Black-Box Min--Max Continuous Optimization Using CMA-ES with Worst-case
Ranking Approximation
- URL: http://arxiv.org/abs/2204.02646v1
- Date: Wed, 6 Apr 2022 08:03:39 GMT
- Title: Black-Box Min--Max Continuous Optimization Using CMA-ES with Worst-case
Ranking Approximation
- Authors: Atsuhiro Miyagi, Kazuto Fukuchi, Jun Sakuma, Youhei Akimoto
- Abstract summary: A popular approach updates $x$ and $y$ simultaneously or alternatingly.
Existing approaches fail if $f$ is not Lipschitz smooth and strongly convex-concave around the optimal solution.
We propose minimizing the worst-case objective function $F(x)=max_yf(x,y)$ directly using the covariance matrix adaptation evolution strategy.

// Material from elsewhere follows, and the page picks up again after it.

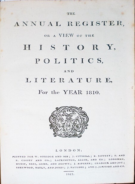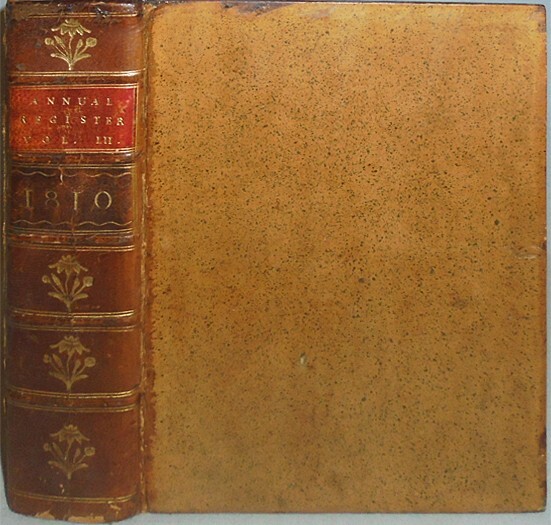 This week, we will be listing a Wonderful Collection of Antiquarian Books and Historical Memorabilia, including numerous Annual Register volumes. Please, check out our other items to save of shipping. Good Luck! This is a Great, Rare, Early "The Annual Register, or A View of The History, Politics, and Literature, For The Year 1810 " book . This wonderful Old piece has a Great, Early design, with a Gold Gilt embossed Leather binding, is Loaded with 500+ pages of Historical information & the News of the day, is an Original, Antique piece and Rare to Find. This includes: America : History of British Disputes with America - Pre-War of 1812 President James Madison - Proclamation of Non-Intercourse with Britain - Leads to War of 1812 Albert Gallatin - Secretary of Treasury "The Creole Planter" - Slave And More! Other : England Crime Stats - Fold-Out Slave Trade - Abolition Peninsular War - Extensive Coverage Spanish America - Cuba, Mexico, etc. Napoleon Bonaparte - Several - Marriage Thanksgiving Tunis Gold Coins Beer William Pitt's Death Sir Walter Scott "Description of Africa and The Negro" "The Negro's Home and Country" "Christian Negroes" And Lots More! This appears to be in Nice, Tight condition. #5249 - 4 Payment is expected within 7 days of purchase. Thanks

- Score: 22.576922942465142
- License: http://creativecommons.org/licenses/by-nc-nd/4.0/
- Abstract: In this study, we investigate the problem of min-max continuous optimization
in a black-box setting $\min_{x} \max_{y}f(x,y)$. A popular approach updates
$x$ and $y$ simultaneously or alternatingly. However, two major limitations
have been reported in existing approaches. (I) As the influence of the
interaction term between $x$ and $y$ (e.g., $x^\mathrm{T} B y$) on the
Lipschitz smooth and strongly convex-concave function $f$ increases, the
approaches converge to an optimal solution at a slower rate. (II) The
approaches fail to converge if $f$ is not Lipschitz smooth and strongly
convex-concave around the optimal solution. To address these difficulties, we
propose minimizing the worst-case objective function $F(x)=\max_{y}f(x,y)$
directly using the covariance matrix adaptation evolution strategy, in which
the rankings of solution candidates are approximated by our proposed worst-case
ranking approximation (WRA) mechanism. Compared with existing approaches,
numerical experiments show two important findings regarding our proposed
method. (1) The proposed approach is efficient in terms of $f$-calls on a
Lipschitz smooth and strongly convex-concave function with a large interaction
term. (2) The proposed approach can converge on functions that are not
Lipschitz smooth and strongly convex-concave around the optimal solution,
whereas existing approaches fail.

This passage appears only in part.